Joining some celebs in thanking my teachers



(Unfortunately, I can only remember three names in this video, and that's James McAvoy, Minnie Driver, and Juliette Lewis. I recognize a few of the others. The guy holding the sign is really familiar, but his name escapes me. The rest of the actors are completely unknown to me, probably because I don't keep up with a lot of popular entertainment. Help me out with the names of these people, folks!) 

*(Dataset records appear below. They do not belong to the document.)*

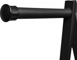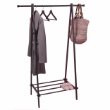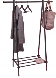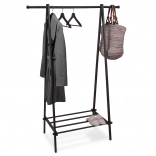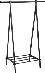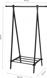 Zgornja letvica za obešanje sprejme jakne, plašče in srajce, medtem ko spodnja polica nudi prostor za obutev, škatle ali dodatke. Robustno, prašno lakirano jeklo zagotavlja dolgo življenjsko dobo in enostavno vzdrževanje.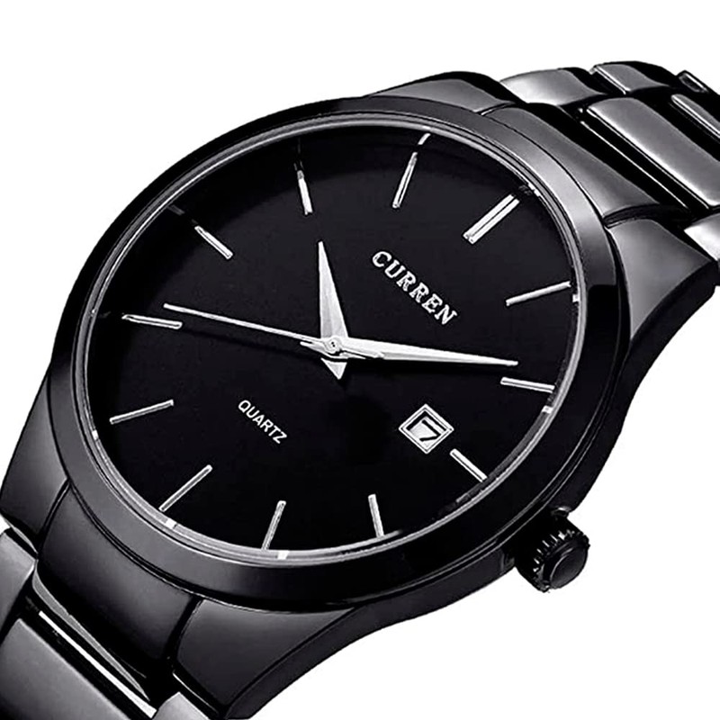 CURREN Reloj de Pulsera para Hombre, Análogo, Diseño Elegante, Formal, Moderno, con Calendario, de Acero Inoxidable, Tamaño Ajustable y Broche de Mariposa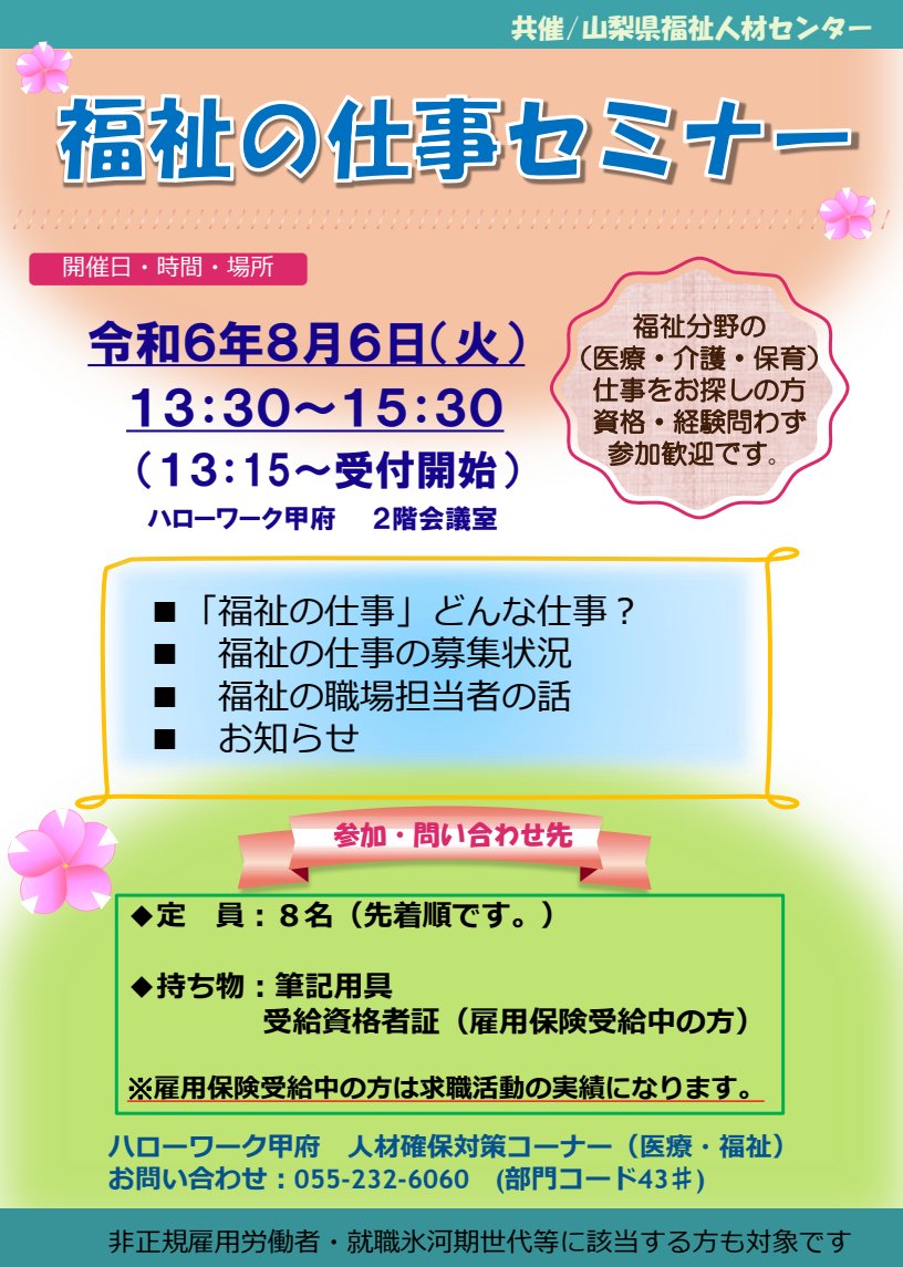 /福祉の仕事セミナー開催\#福祉#介護にご興味のある方、お話だけ聞いてみたい方、ぜひご参加下さい当センターより#キャリア支援専門員が伺い丁寧にご説明いたします時間:13時30分~15時30分場所:#ハ..

Thank you, Mr. Peterson, my history teacher in summer school at Luther Burbank Senior High, who, in 1975, challenged all of us to question history and how it has been taught. He was a very tall and imposing man of Swedish descent whose thunderous voice instantly silenced us when he strolled into the classroom at 8 am sharp. And he told us something that no history teacher had the audacity to say before or since: "Forget all the economic arguments you've read in your textbooks about the causes of the Civil War. There was only one way the wealthy plantation owners could convince poor whites to fight that war for them, and that was RACISM." It was like the hammer of Thor had rained its full force of thunder and lightening on us. All we could do was stare at him. Did he, a White man, just say racism was the cause of the Civil War? 

Let's put this into perspective: it was the summer of 1975, right before my junior year in high school. That history class was required by the California Department of Education for students who wished to enroll in either the University of California or State University systems, which is what I wanted to do. And it was the summer in Sacramento, California, where the daylight temperatures regularly climbed over 100 degrees by 10 am. Even worse than that, we had NO air conditioning in our classroom! We were all on the verge of passing out by the time we took our mid-morning break.

Yet, we all hung onto every word he said as he launched his very detailed lecture, with REFERENCES, as to why racism was the motivating factor in getting so many young White Southern men to fight and die for a cause in which they would never have any financial benefit, even if the South had won the war. (A note: Luther Burbank Senior High's student population was composed of mostly White students back then. Counting myself, there were only five Black kids in a class of about 25 students. I wish I could have taken a picture of my White classmates' faces at that moment. Seriously priceless.) "Watch carefully," he warned us. "Those who run this country are doing the same thing, right now. In fact, they are much sophisticated in their methods"  Best history lecture I've ever had. And he was so right about the methods the plantation owners used to gain support for their cause. The plantations have been replaced by corporations. 

Thank you, Mr. Johnson, one of my high school English teachers (and the best) at Luther Burbank, and a very enthusiastic young lady whose name I can't remember, but she was the student teacher in one of my journalism classes. Both of them recognized and encouraged my love of writing, which led to me declaring myself as an English major when I transferred to CSUS from Cosumnes River College. 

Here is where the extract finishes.